The Barnard Medal for Meritorious Service to Science was established in 1889 by the will of Columbia University president Frederick A. P. Barnard, and has been awarded by Columbia University, based on recommendations by the National Academy of Sciences, every five years since 1895. It is not to be confused with the Barnard Medal of Distinction.

== Winners ==

- 1895 - John William Strutt, Lord Rayleigh, William Ramsay
- 1900 - Wilhelm Röntgen
- 1905 - Henri Becquerel
- 1910 - Ernest Rutherford
- 1915 - William Henry Bragg, William Lawrence Bragg
- 1920 - Albert Einstein
- 1925 - Niels Bohr
- 1930 - Werner Heisenberg
- 1935 - Edwin Hubble
- 1940 - Frédéric Joliot-Curie, Irène Joliot-Curie
- 1945 - No award
- 1950 - Enrico Fermi
- 1955 - Merle Tuve
- 1960 - I. I. Rabi
- 1965 - William Alfred Fowler
- 1970 - No award
- 1975 - Louis Plack Hammett
- 1980 - André Weil
- 1985 - Benoit Mandelbrot
- 1990 - No award
- 1995 - No award
- 2000 - No award
- 2005 - No award
- 2010 - No award

== Establishment of the Barnard Medal for Meritorious Service to Science ==

“The Trustees of Columbia College shall cause to be struck, with suitable devices, a medal of gold, nine-tenths fine, of the bullion value of not less two hundred dollars, to be styled “THE BARNARD MEDAL FOR MERITORIOUS SERVICE TO SCIENCE,” and shall publicly announce that a copy of the same will be awarded, at the close of every quinquennial period, dating from the probate of this my last Will and Testament, to such person, whether a citizen of the United States of or any other country, as shall, within the five years next preceding, have made such discovery in physical or astronomical science, or such novel application of science to purposes beneficial to the human race, as, in the judgment of the National Academy of Sciences of the United States, shall be esteemed most worthy of such an honor.
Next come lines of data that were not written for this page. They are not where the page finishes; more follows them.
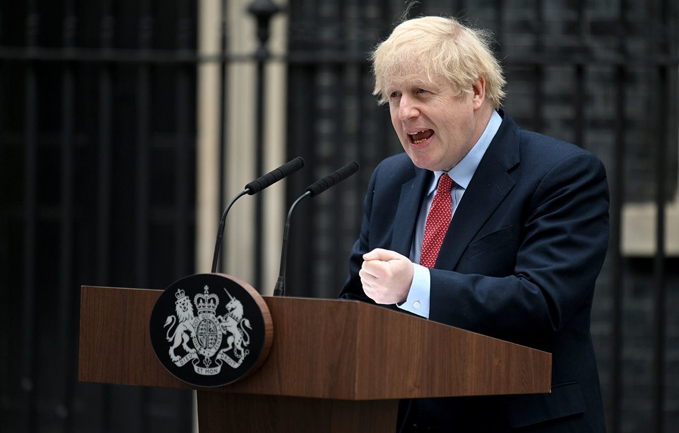 ロンドンの官邸前で声明を読み上げるジョンソン英首相(イギリス・ロンドン)=2020年4月27日
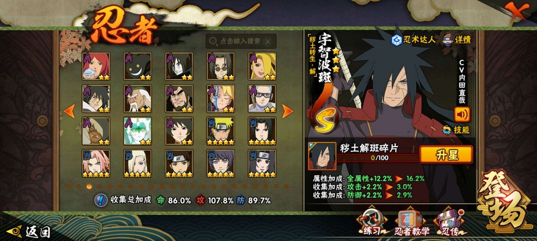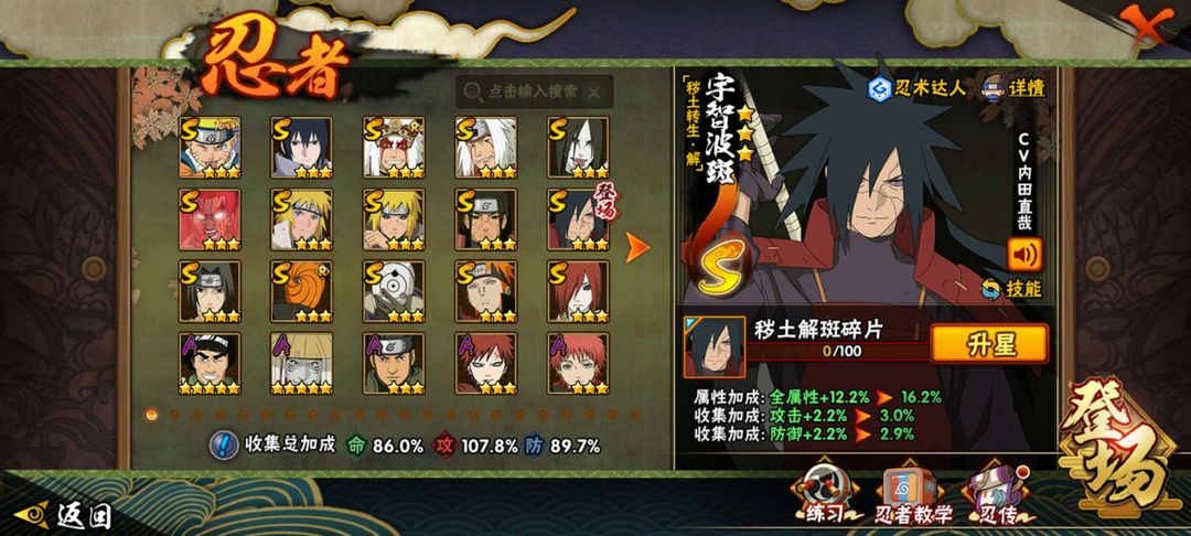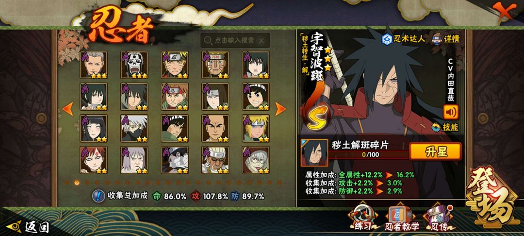 15S,38A,黑绝、新春鼬、五影斑、白面具、植物人、死水、传说自来也、解斑、长门、死门凯
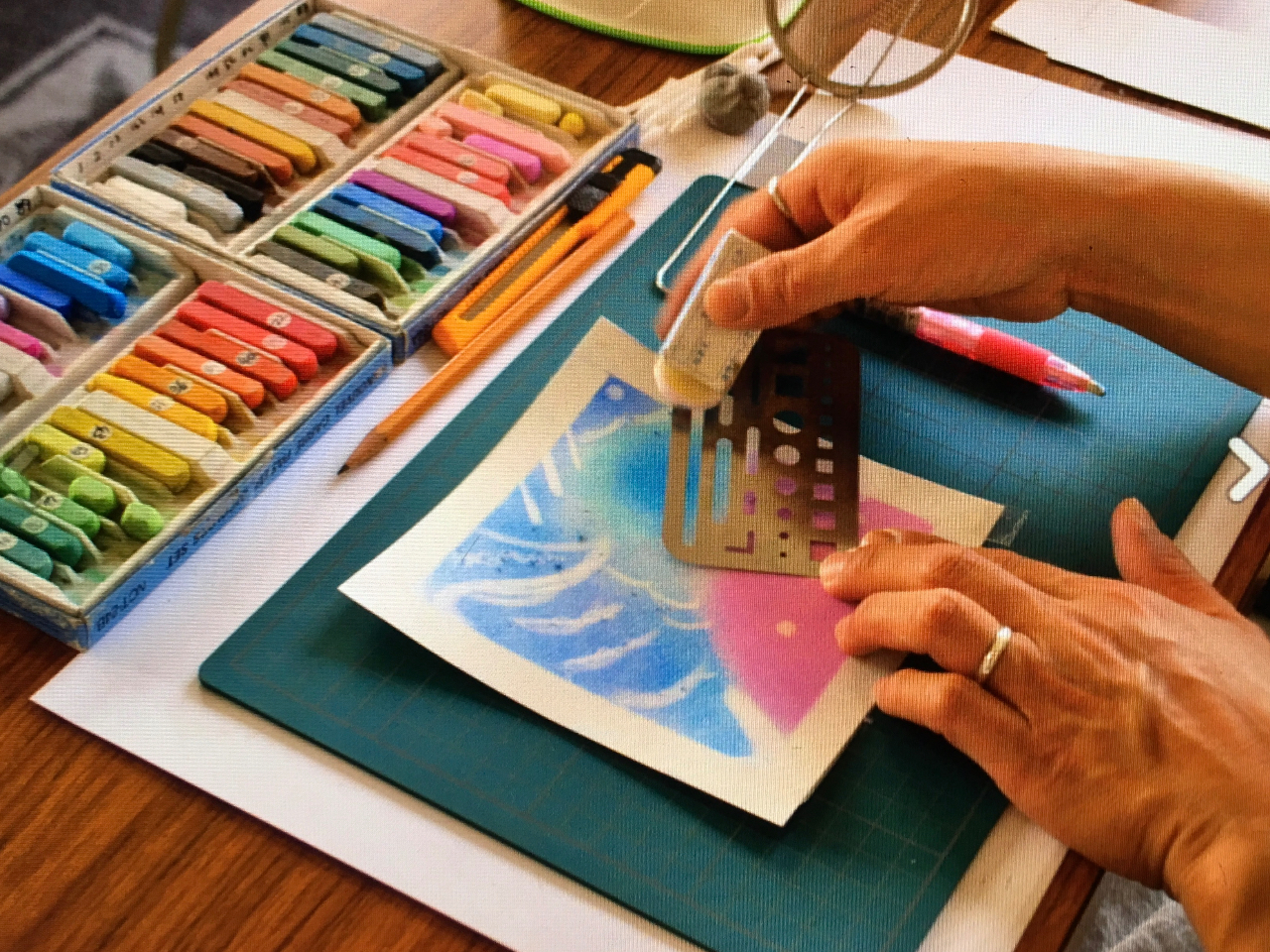 年齢に幅広く楽しんでいただけます♪パウダー状にしたパステルを指に付けて自由に描きましょう!自然とリラックスし癒されていることに気づきます☆色を見ているだけでもなごみます♪
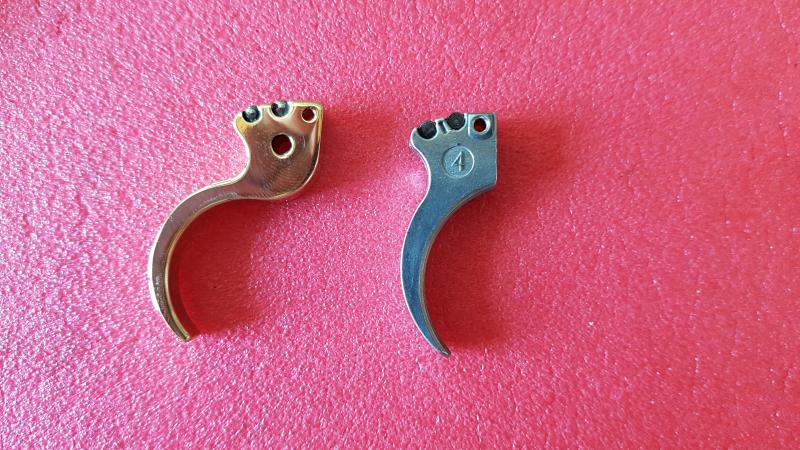 en estas fotos se puede ver la carabina con el disparador original en plateado vs el disparador de rowan engineering en dorado y la posición de mi mano al accionar el disparador original
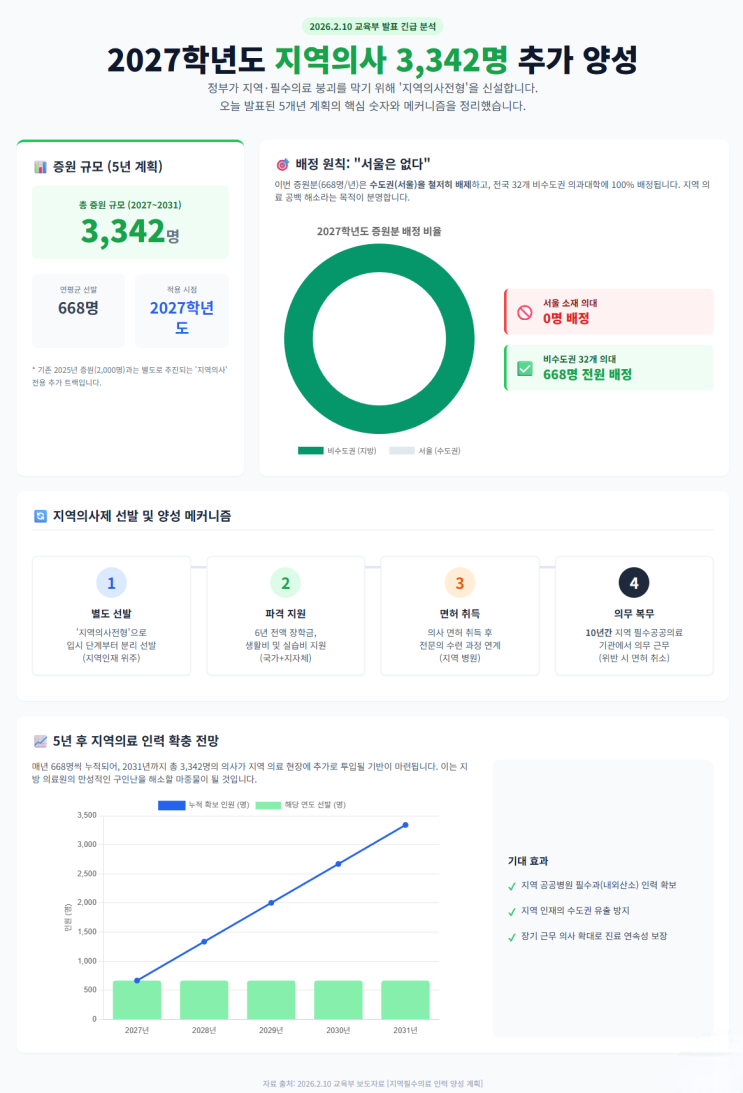안녕하세요. 일산 수학, 영어의 중심 신의 한 수 학원입니다. 2026년 2월 10일 오늘 발표된 의대 정원 확정안은 대한민국 대입 역사에 기록될 거대한 변곡점입니다. 단순히 의대 문턱이 낮아졌다는 표면적인 해석을 넘어 교육 생태계 전반에 휘몰아칠 거대한 변화의 물결을 냉철하게 분석해 보아야 합니다. 이제 막 대입의 중심에 선 고3 학생들과 다시 한번 도전장을 내미는 수험생들에게 이번 발표는 기회인 동시에 감내해야 할 거대한 심리적 압박으로 다가올 것입니다. 가장 먼저 본질을 꿰뚫어 보아야 할 지점은 증원된 490명의 성격입니다. 이번 증원의 핵심은 비수도권 의대 중심의 배분과 지역의사제 도입에 있습니다. 장학금을 대가로 졸....... <img src="https://blogthumb.pstatic.net/MjAyNjAyMTBfMjA2/MDAxNzcwNzE1NTEyMjM0.reTKCAHJYj6q6zi-ExTjI2KsdtMxQKDLDerGa1uUc3wg.LvRRuoGMoxb2tRv18UIlJk06aQydpSq_i3fNhucUEL0g.PNG/1.png?type=s3" />

And I make it my request that the said National Academy of Sciences shall charge itself with the duty of declaring to the Trustees of Columbia College, aforesaid, at the close of every term of five years, as above defined, the name of the person whom they judge worthy to receive such medal, with a statement of the reasons on which their judgment is founded; and that upon such declaration and nomination, the Trustees shall proceed to award the said medal, and shall transmit the same to the person entitled to receive it, accompanied by a diploma or certificate attesting the fact and the occasion of the award. But, if the National Academy of Sciences shall judge that, during the five years preceding the date at which, as above provided, this award shall become due, no discovery in physical or astronomical science, or no new application of scientific principles to useful purposes, has been made worthy of the distinction proposed, then it is my wish and request the award shall be for that time omitted. And I would further desire, that the medal above described should bear, if it can be accomplished without interfering with the appropriate artistic devices upon its obverse side, the motto, Magna est Veritas, and upon its reverse the motto, Deo optimo Maximo, Gloria in Excelsis.”
— Frederick A. P. Barnard, Last Will and Testament of Frederick A.P. Barnard, Tenth President of Columbia University in the City of New York. Born May 25, 1809. Died April 27, 1889.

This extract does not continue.